[Record excerpts]

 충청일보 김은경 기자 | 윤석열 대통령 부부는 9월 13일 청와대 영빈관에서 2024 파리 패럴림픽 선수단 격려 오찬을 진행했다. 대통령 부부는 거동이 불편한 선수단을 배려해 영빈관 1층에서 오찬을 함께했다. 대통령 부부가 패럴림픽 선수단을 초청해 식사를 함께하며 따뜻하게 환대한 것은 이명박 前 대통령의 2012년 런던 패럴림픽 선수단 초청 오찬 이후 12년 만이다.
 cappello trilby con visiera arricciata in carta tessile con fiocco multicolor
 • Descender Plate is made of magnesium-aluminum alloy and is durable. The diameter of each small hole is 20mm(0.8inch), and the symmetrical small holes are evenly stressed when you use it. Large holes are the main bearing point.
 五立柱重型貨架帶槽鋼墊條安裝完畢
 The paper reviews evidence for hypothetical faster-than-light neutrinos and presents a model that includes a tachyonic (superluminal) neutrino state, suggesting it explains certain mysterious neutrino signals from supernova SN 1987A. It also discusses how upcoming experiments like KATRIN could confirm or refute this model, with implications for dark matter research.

[/Record excerpts]
[Record excerpts]

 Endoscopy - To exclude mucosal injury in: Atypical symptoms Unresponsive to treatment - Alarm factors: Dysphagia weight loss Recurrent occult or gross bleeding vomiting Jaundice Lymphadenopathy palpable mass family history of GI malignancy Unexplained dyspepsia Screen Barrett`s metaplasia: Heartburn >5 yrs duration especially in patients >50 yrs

[/Record excerpts]

## Task to complete
Look in the material above for the line with "충청일보 김은경 기자" and the line with "cappello trilby con", and transcribe exactly those lines and all lines between them, nothing more.

## Problem solution
 충청일보 김은경 기자 | 윤석열 대통령 부부는 9월 13일 청와대 영빈관에서 2024 파리 패럴림픽 선수단 격려 오찬을 진행했다. 대통령 부부는 거동이 불편한 선수단을 배려해 영빈관 1층에서 오찬을 함께했다. 대통령 부부가 패럴림픽 선수단을 초청해 식사를 함께하며 따뜻하게 환대한 것은 이명박 前 대통령의 2012년 런던 패럴림픽 선수단 초청 오찬 이후 12년 만이다.
 cappello trilby con visiera arricciata in carta tessile con fiocco multicolor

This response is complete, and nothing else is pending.